「セレナで4人車中泊したいけど、本当に快適に寝られるのかな?」「純正のマルチベッドを買うべき?それとも標準モデルに後付けした方がいい?」——そんな疑問をお持ちのあなたに、まず結論からお伝えします。
大人4人での就寝は現実的ではありません。ですが、大人2人+子ども2人までであれば、純正マルチベッドなら快適に、標準モデル+社外品でも工夫次第で十分実現可能です。

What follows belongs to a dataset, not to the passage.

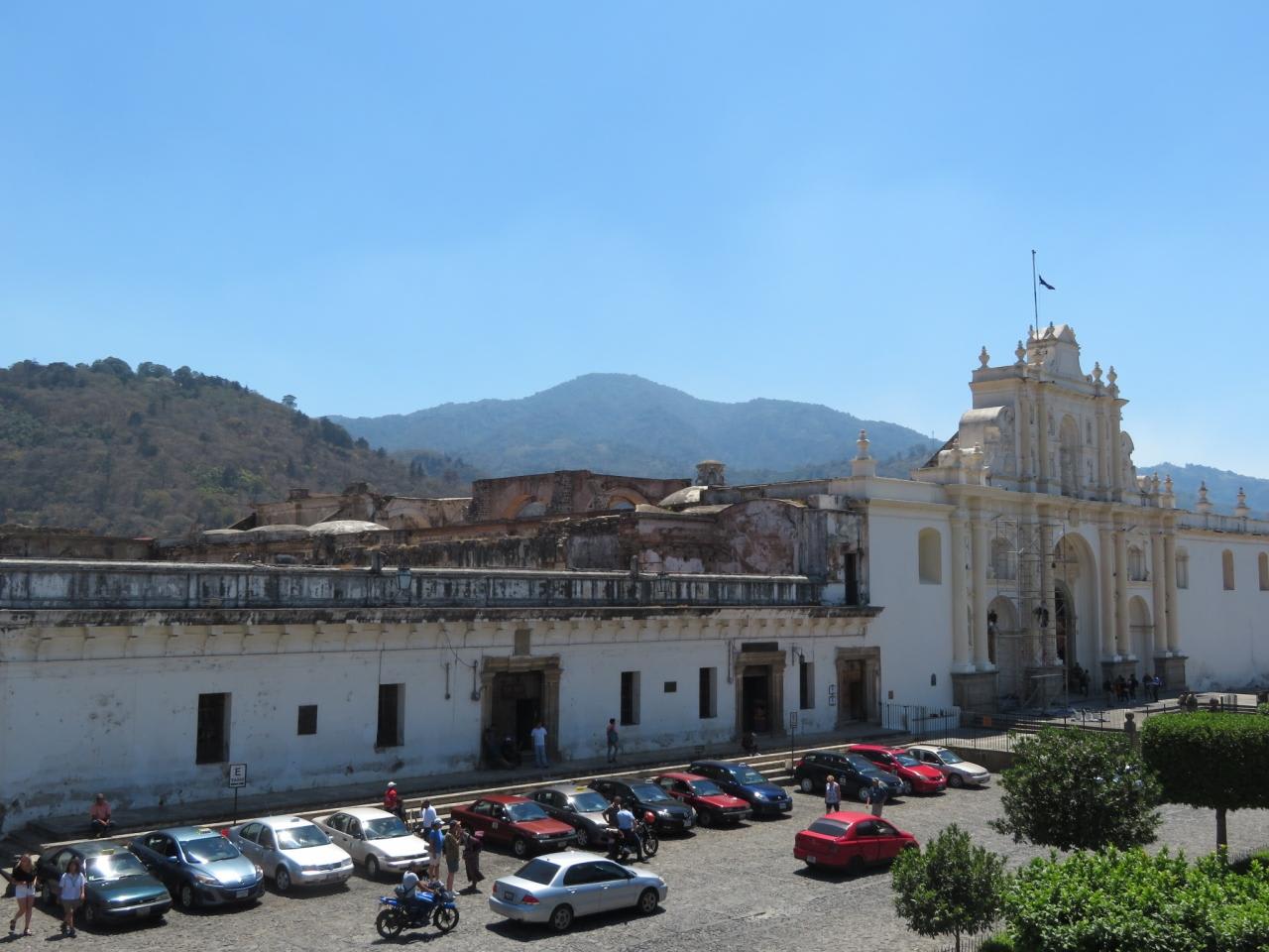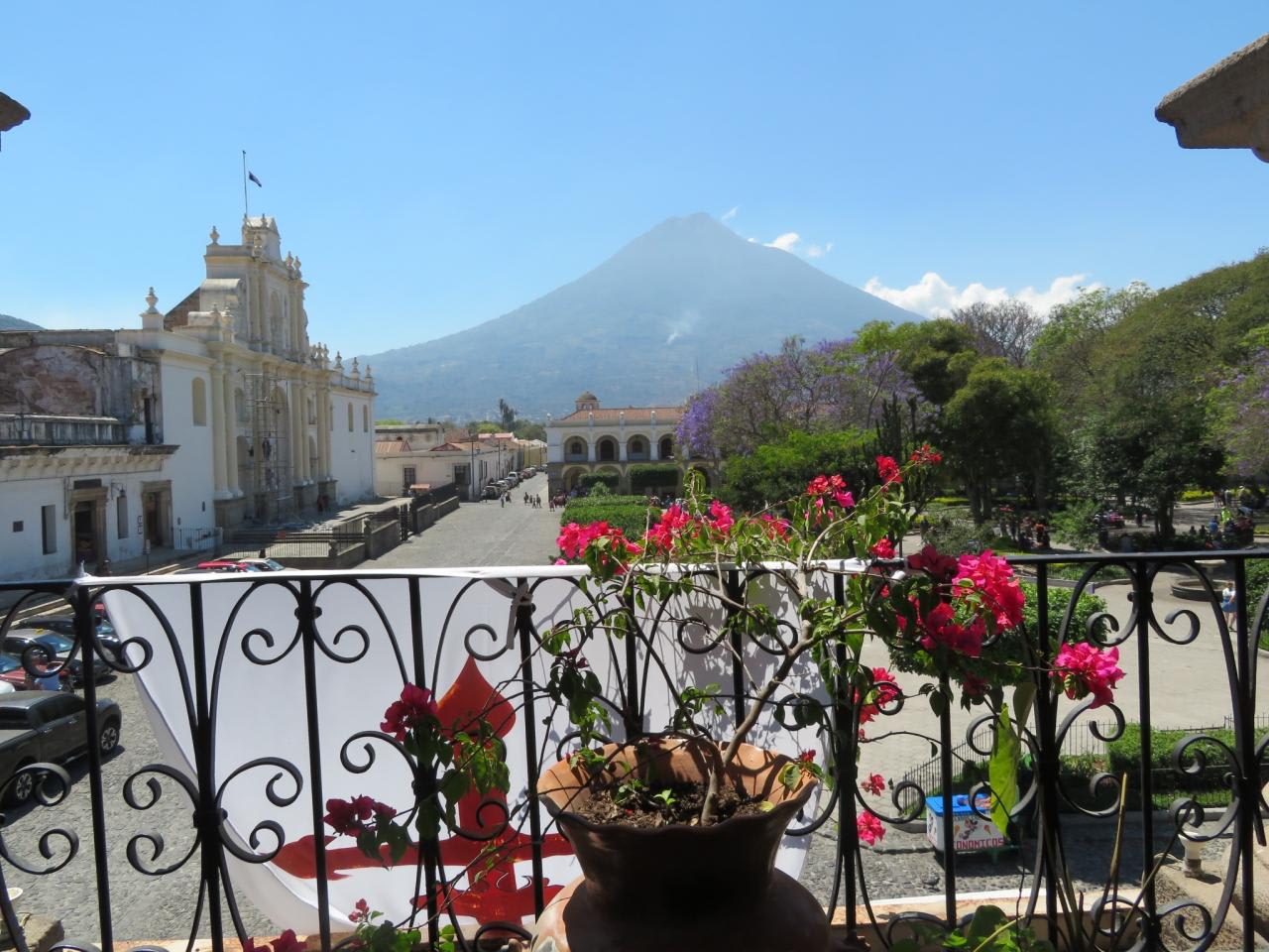 市庁舎の2階テラスからカテドラルとアグア火山を望むアグア山は1,500m位の高さに見えますが、富士山とほぼ同じ高さ。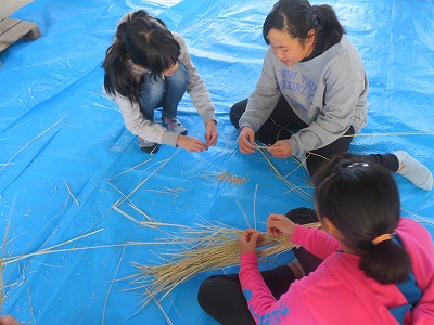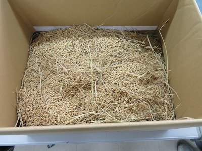 豊作です。このあとは、もう少しわらを取ってから、「もみすり」「精米」をして、調理実習でいただく予定です。楽しみですね。

日産セレナの室内幅はカタログ上1,545mmですが、実際に就寝スペースとして使えるホイールハウス間の幅は約1,200mm(日産公式カタログ値に基づく、2026年2月発表)。これを4人で川の字に寝ようとすると、1人あたりわずか約60cm。大人4人はまず無理だと割り切ったほうがいいでしょう。では、どう選び、どう工夫すればいいのか。2026年2月にマイナーチェンジした新型セレナの情報を交えながら、徹底的に比較していきます。
セレナ車中泊4人、まず知っておきたい2026年2月の新型情報
いきなり具体的な比較に入る前に、最新の動向を押さえておきましょう。2026年2月、日産セレナがマイナーチェンジを実施。それに伴い、注目の特装車が2台、新たにラインナップされました。
1. 新型「マルチベッド」(2026年2月12日発売)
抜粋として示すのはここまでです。